Data excerpts:
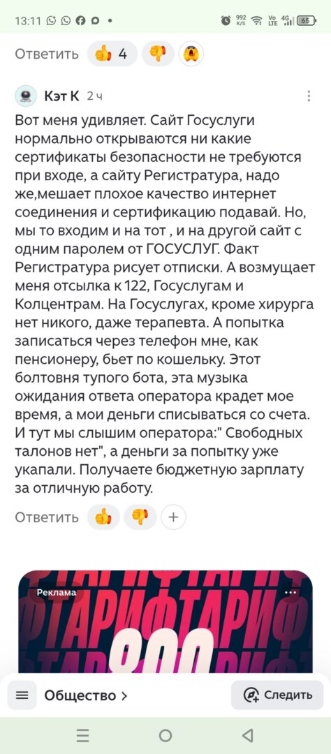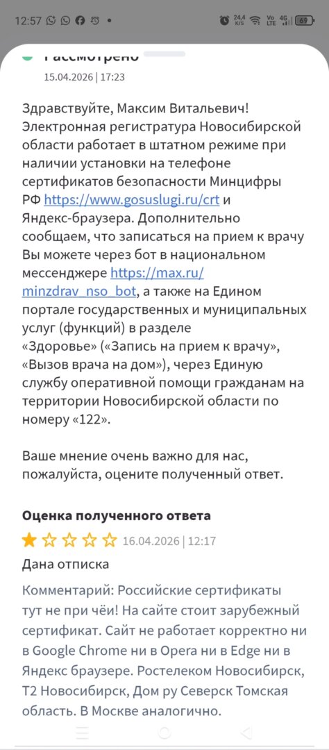 «Новосибирск, крик души, помогите придать огласке проблему. Уже больше недели без средств обходов блокировки не работает сайт электронной регистратуры reg.nso.ru. Зайти невозможно ни с домашнего интернета, ни с мобильного, установка российских сертификатов Минцифры, которые посоветовали установить в ответ на моё письмо в региональный Минздрав, тоже не помогает. А ведь этот сайт — не развлечение, а важный сервис: запись к врачу, анализы, расписание. Сейчас без обходных средств им пользоваться невозможно. Есть ощущение, что сайт или его IP попал под какие-то блокировки/фильтрацию, потому что через обходные средства всё работает корректно. Мы уже не знаем, куда ещё писать. Очень просим обратить внимание на проблему и помочь донести её до ответственных служб», — написал Максим.
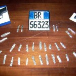I militari del Nucleo Operativo e Radiomobile, alle ore 21.30 circa del 12 gennaio 2012, insospettiti da alcuni strani movimenti, hanno proceduto al controllo dei due. Nel corso della loro perquisizione personale e domiciliare, venivano rinvenuti circa 78 grammi di hashish, una pistola giocattolo modificata in arma da sparo semiautomatica, perfettamente efficiente, completa di caricatore contenente due proiettili calibro 8mm, e un motociclo risultato di provenienza furtiva, sul quale era stata applicata una targa contraffatta.
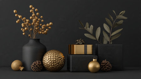 A modern holiday mockup featuring sleek matte-black textures and elegantly minimal gold elements.
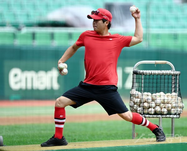 12일 인천 SSG 랜더스필드에서 ‘2022 신한은행 SOL KBO리그’ SSG 랜더스와 키움 히어로즈의 경기가 열린다. 경기 전 SSG 조동화 코치가 배팅볼을 던지고 있다.
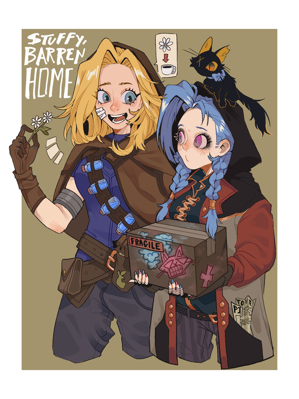 Their walk was silent, letting the busy market fill the stillness between them. Rings of bells and scattered crowds mobbed the sides of the street, letting them peacefully walk with spacious strides. Jinx glanced down at the heavy box, before back at Lux’s pulled hood. She could feel the question eating at her insides, clawing and vying for her attention. She breaks.

To do:
The answer must be the full listing, word for word, with no images in it.

Written solution:
 «Новосибирск, крик души, помогите придать огласке проблему. Уже больше недели без средств обходов блокировки не работает сайт электронной регистратуры reg.nso.ru. Зайти невозможно ни с домашнего интернета, ни с мобильного, установка российских сертификатов Минцифры, которые посоветовали установить в ответ на моё письмо в региональный Минздрав, тоже не помогает. А ведь этот сайт — не развлечение, а важный сервис: запись к врачу, анализы, расписание. Сейчас без обходных средств им пользоваться невозможно. Есть ощущение, что сайт или его IP попал под какие-то блокировки/фильтрацию, потому что через обходные средства всё работает корректно. Мы уже не знаем, куда ещё писать. Очень просим обратить внимание на проблему и помочь донести её до ответственных служб», — написал Максим.
I militari del Nucleo Operativo e Radiomobile, alle ore 21.30 circa del 12 gennaio 2012, insospettiti da alcuni strani movimenti, hanno proceduto al controllo dei due. Nel corso della loro perquisizione personale e domiciliare, venivano rinvenuti circa 78 grammi di hashish, una pistola giocattolo modificata in arma da sparo semiautomatica, perfettamente efficiente, completa di caricatore contenente due proiettili calibro 8mm, e un motociclo risultato di provenienza furtiva, sul quale era stata applicata una targa contraffatta.
 A modern holiday mockup featuring sleek matte-black textures and elegantly minimal gold elements.
 12일 인천 SSG 랜더스필드에서 ‘2022 신한은행 SOL KBO리그’ SSG 랜더스와 키움 히어로즈의 경기가 열린다. 경기 전 SSG 조동화 코치가 배팅볼을 던지고 있다.
 Their walk was silent, letting the busy market fill the stillness between them. Rings of bells and scattered crowds mobbed the sides of the street, letting them peacefully walk with spacious strides. Jinx glanced down at the heavy box, before back at Lux’s pulled hood. She could feel the question eating at her insides, clawing and vying for her attention. She breaks.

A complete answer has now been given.